**Exercise goal**
Your reply should consist only of the lines from the one with "3月26日,一名着传统服饰的女子在樱花树间摆姿势拍摄短片。(新华社记者 翁忻旸 摄)" through the end of the entries, transcribed exactly. Pictures stay out.

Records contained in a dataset
/---

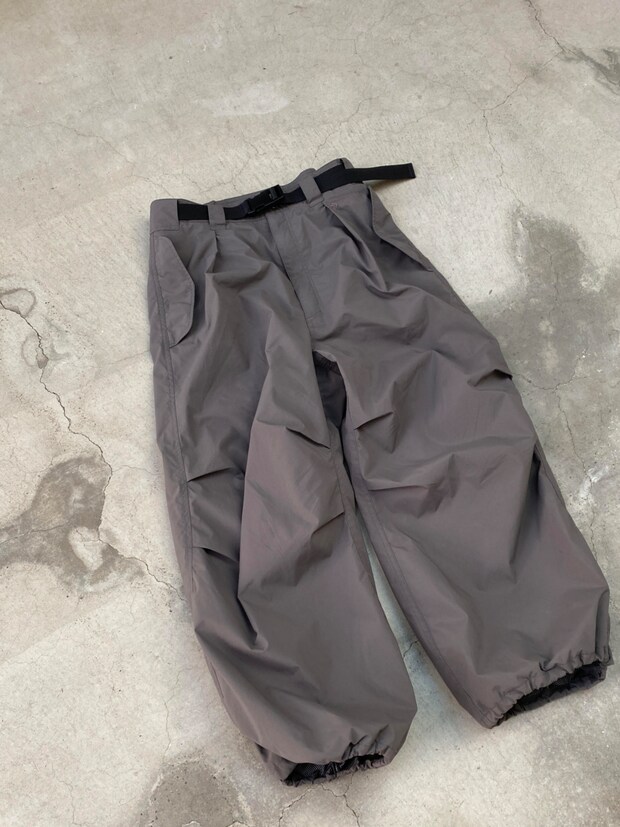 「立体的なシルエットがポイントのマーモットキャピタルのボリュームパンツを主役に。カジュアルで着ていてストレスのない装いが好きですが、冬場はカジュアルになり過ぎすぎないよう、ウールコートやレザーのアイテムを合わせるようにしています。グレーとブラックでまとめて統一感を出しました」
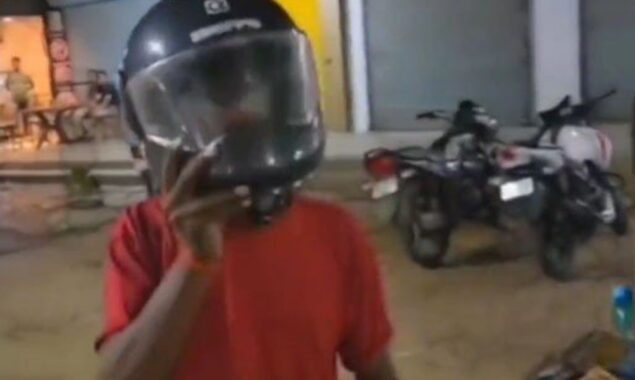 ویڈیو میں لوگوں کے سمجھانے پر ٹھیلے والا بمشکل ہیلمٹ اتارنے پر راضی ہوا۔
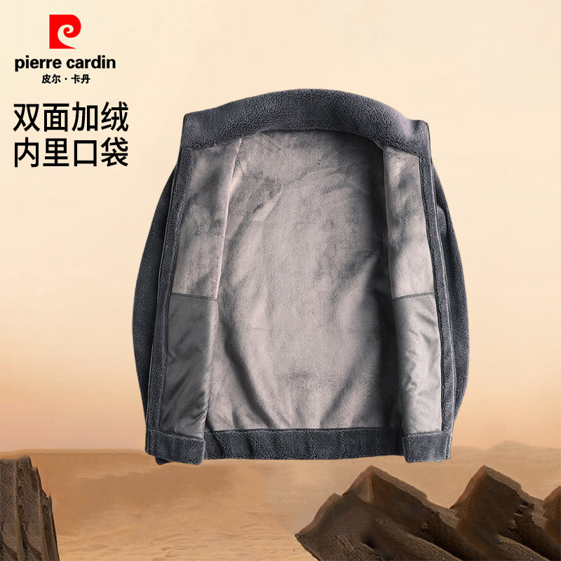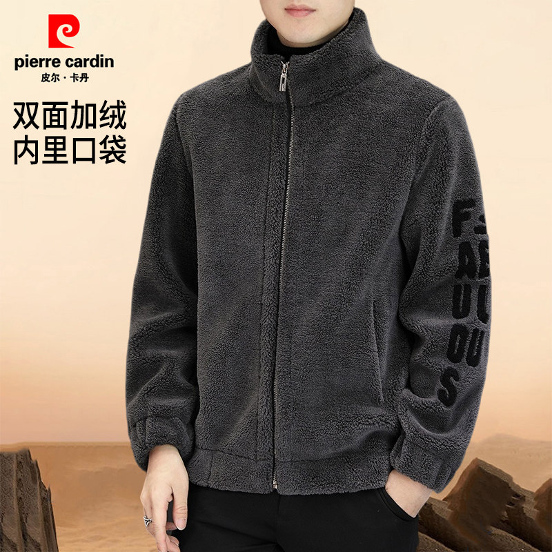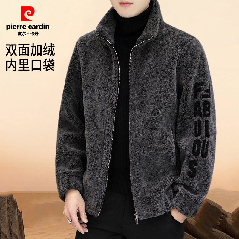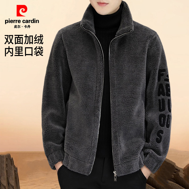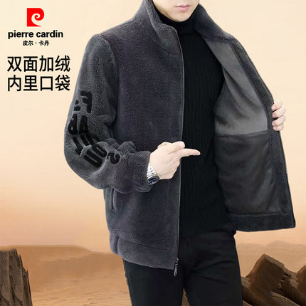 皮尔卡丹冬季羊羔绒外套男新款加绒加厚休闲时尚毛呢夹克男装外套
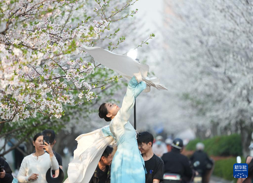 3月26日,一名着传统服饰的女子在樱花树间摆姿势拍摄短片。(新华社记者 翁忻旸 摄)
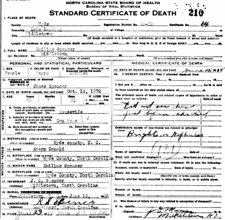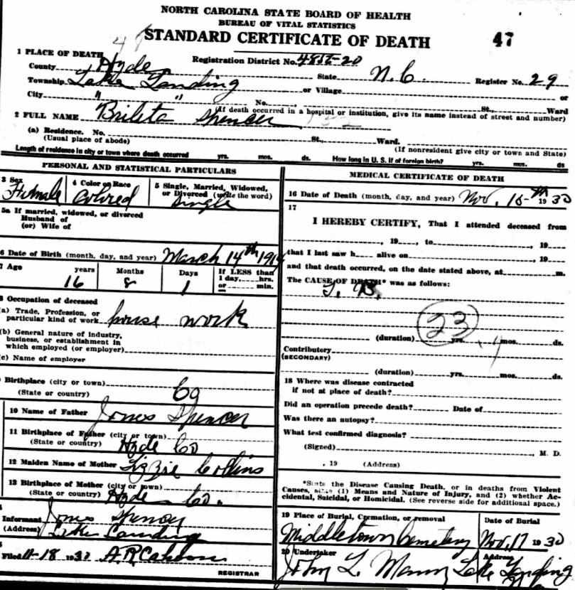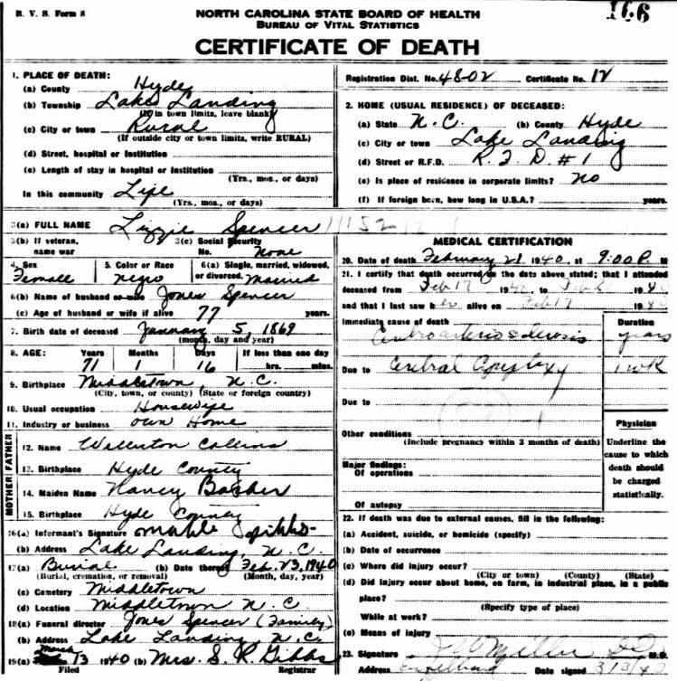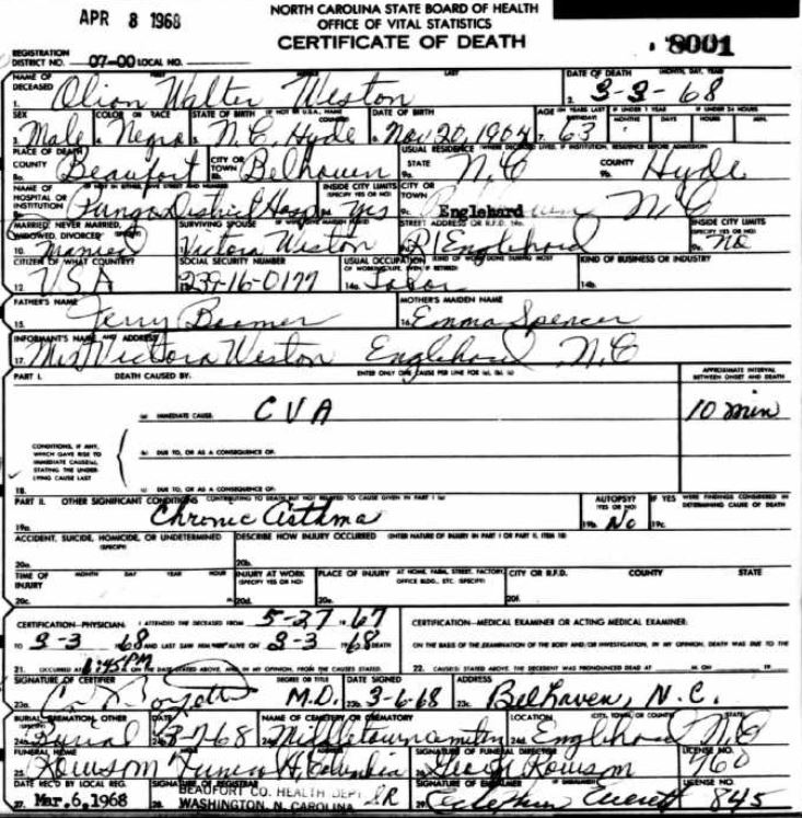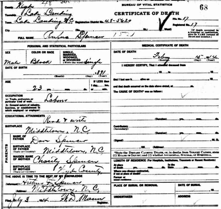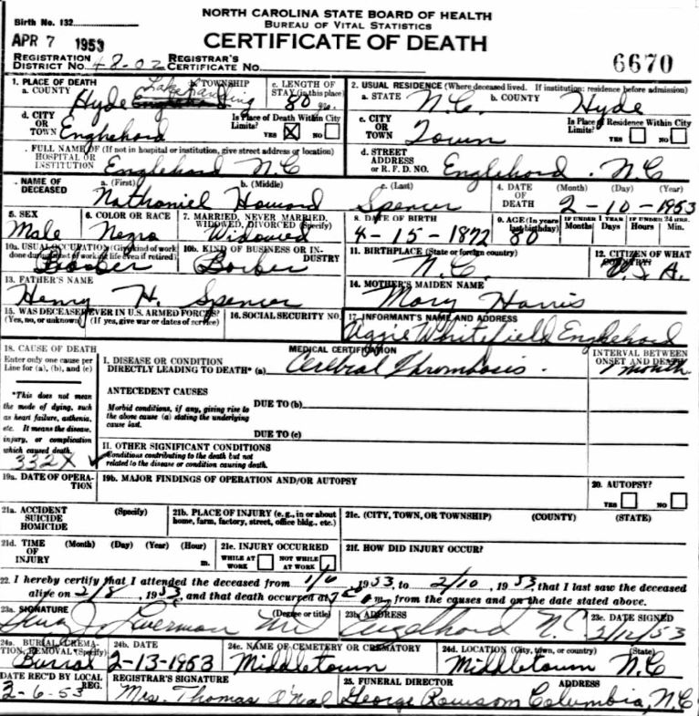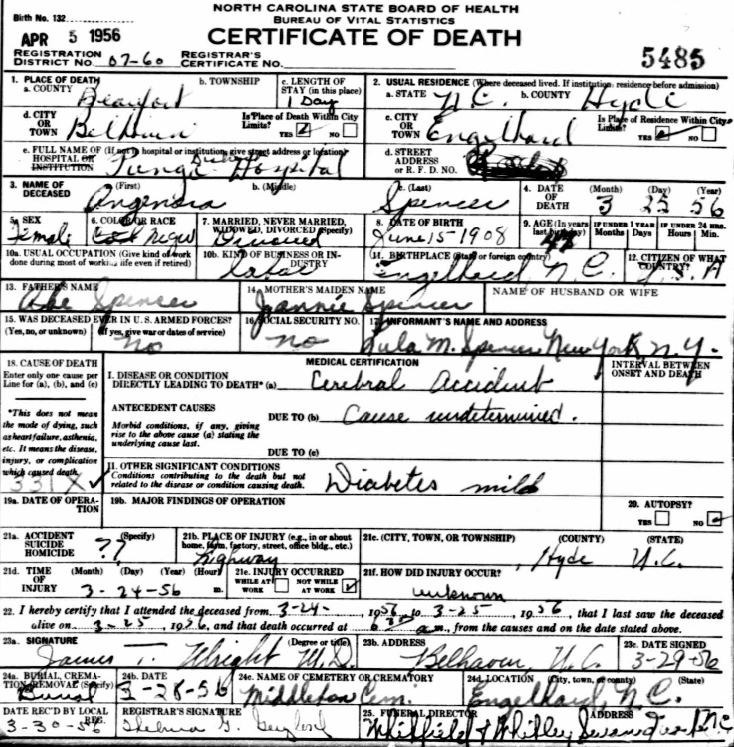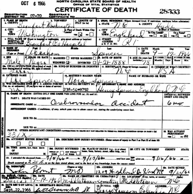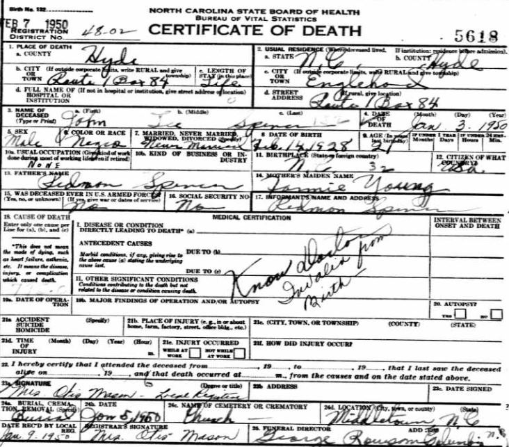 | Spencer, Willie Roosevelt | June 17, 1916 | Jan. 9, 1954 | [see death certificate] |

\---

**Solved problem**
 3月26日,一名着传统服饰的女子在樱花树间摆姿势拍摄短片。(新华社记者 翁忻旸 摄)
 | Spencer, Willie Roosevelt | June 17, 1916 | Jan. 9, 1954 | [see death certificate] |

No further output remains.